▸ **Exercise requirements**
Print all of the data exactly, but drop the pictures.

*** Opening of Supplied information ***

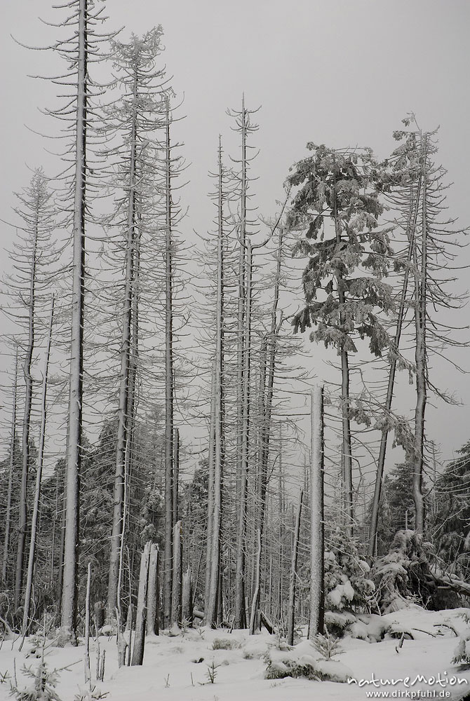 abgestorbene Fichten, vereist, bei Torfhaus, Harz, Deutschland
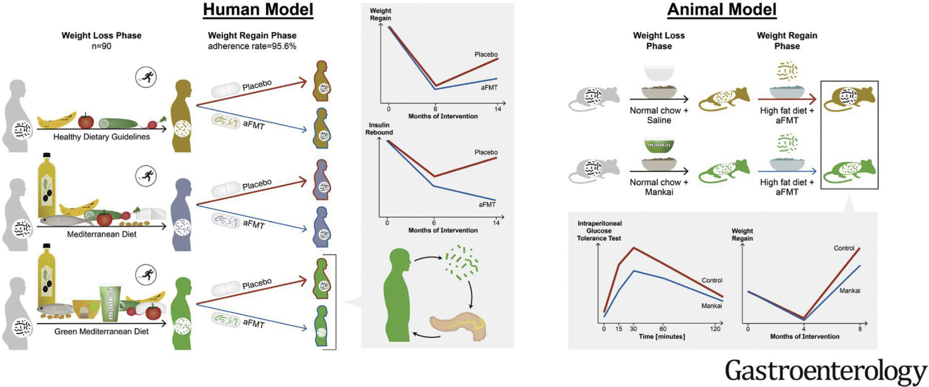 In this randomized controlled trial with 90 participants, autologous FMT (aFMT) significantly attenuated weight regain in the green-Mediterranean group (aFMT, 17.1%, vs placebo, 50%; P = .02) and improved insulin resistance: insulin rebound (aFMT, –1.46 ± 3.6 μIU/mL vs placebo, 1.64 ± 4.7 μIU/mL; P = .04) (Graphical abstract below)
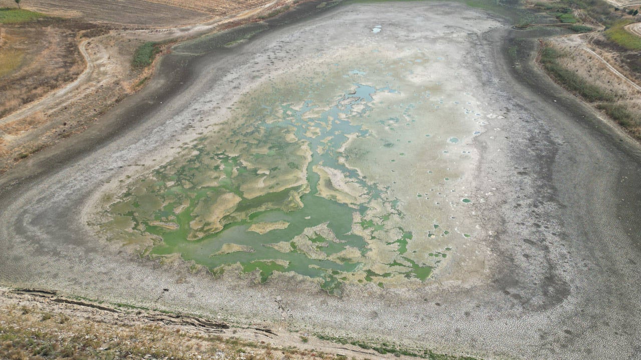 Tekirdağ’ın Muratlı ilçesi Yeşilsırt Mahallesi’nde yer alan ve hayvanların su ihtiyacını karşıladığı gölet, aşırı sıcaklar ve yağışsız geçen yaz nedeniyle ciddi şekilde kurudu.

*** Close of Supplied information ***

▸ **Written answer**
 abgestorbene Fichten, vereist, bei Torfhaus, Harz, Deutschland
 In this randomized controlled trial with 90 participants, autologous FMT (aFMT) significantly attenuated weight regain in the green-Mediterranean group (aFMT, 17.1%, vs placebo, 50%; P = .02) and improved insulin resistance: insulin rebound (aFMT, –1.46 ± 3.6 μIU/mL vs placebo, 1.64 ± 4.7 μIU/mL; P = .04) (Graphical abstract below)
 Tekirdağ’ın Muratlı ilçesi Yeşilsırt Mahallesi’nde yer alan ve hayvanların su ihtiyacını karşıladığı gölet, aşırı sıcaklar ve yağışsız geçen yaz nedeniyle ciddi şekilde kurudu.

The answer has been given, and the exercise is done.